OnSafari: Great Museum

OnSafari: Great Museum

Sadness comes in many forms. It lingers much longer than happiness. The new ZEITZ MOCAA museum in Cape Town displays Africa’s sadness so profoundly, I’m absolutely sure it will soon be recognized as one of the greatest art museums on earth.

Conceding that the museum is “likely to become the dominant arts institution on the continent,” the New York Times in a patently jealous critique worried that so much money ($38 million) had been spent on a single museum in an impoverished society.

What was MOMA’s budget last year? How many free tickets did MOMA give to Appalachians?

Much more balanced review from London’s Guardian, reporting that the museum “has been hailed as Africa’s answer to the Tate Modern.”

South Africa’s Daily Maverick acknowledged the controversy, too, but pointed out that Desmond Tutu was present for the opening, exclaiming, “This is what we fought for!”

I don’t know where to begin. How extraordinarily pompous for self-appointed guardians of the world cultural order to criticize Africa for such powerful greatness, particularly when they bear the responsibility for the slavish poverty of the continent.

It will take me a long time to digest my visit to the museum, but the few hours on one rainy day in Cape Town gave me more direction, more fodder, more clarity in understanding Africa than any other single event in my life.

The museum collects the greatest contemporary artists of the continent. Their works are obviously radically varied from one another, yet they cling together as African sadness.
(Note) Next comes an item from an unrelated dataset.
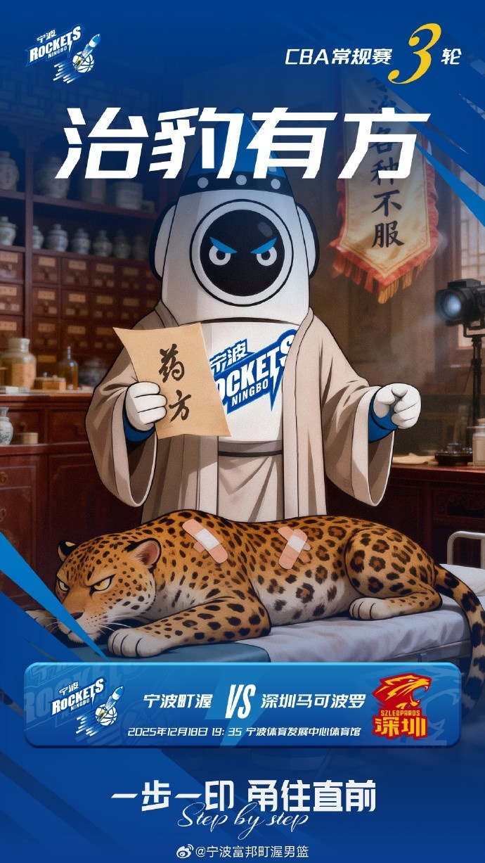 宁波官博晒出了本场比赛的预热海报,定名为:治豹有方。

Personally I’m optimistic about most of Africa, today, particularly vis-a-vis the revolutionary suicides occurring right now in western societies. But what this museum tells with nuclear force is the deep sadness of enslavement, oppression, and emasculation.

Perhaps none does it better than William Kentridge’s “More Sweetly Play The Dance.” This is a multiple-screen mostly sepia multi-media symphony of Africa’s long history of failures, from slavery to domination to being ignored, all ended with the dance of a gun.

Yet throughout the 15-minute film is the dissident clatter of Africa’s playful songs and dances, that oil-and-water mixture of the traditional and modern which forces each out of its perfection. It’s Africa’s Divine Comedy set in an unending purgatory of profound global history that can neither change nor dismiss Africa.

Yesterday I was speaking to a young Cape Town artist, Lorenzo Bruno, who manages the Knext Africa gallery. I suggested that one reason for so many exceptional non-black South African artists was because in these revolutionary times whites are having a hard time getting traditional jobs.

At first he agreed, and then disagreed, uncertain himself. But I believe that is fundamental to the motivation for some of this great art: In the same way that Ramadan Hamisi or Cyrus Habiru of Kenya stand out greatly, South Africans Lorenzo Bruno and William Kentridge do as well.

There is little in Kentridge’s production that can be called “script” but at one point a marcher is laboriously carrying a tattered banner that reads in part, “Eat the Bitterness.”

Bitterness, physical pain, hunger, anger, failure … sadness contains them all. Built on such misery are pyres of great art. Art isn’t something that an ant or a gorilla creates. Only men create art, and great art is from great men. For the weak of soul this may be the straw to tease some hope out of this magnificient instituition.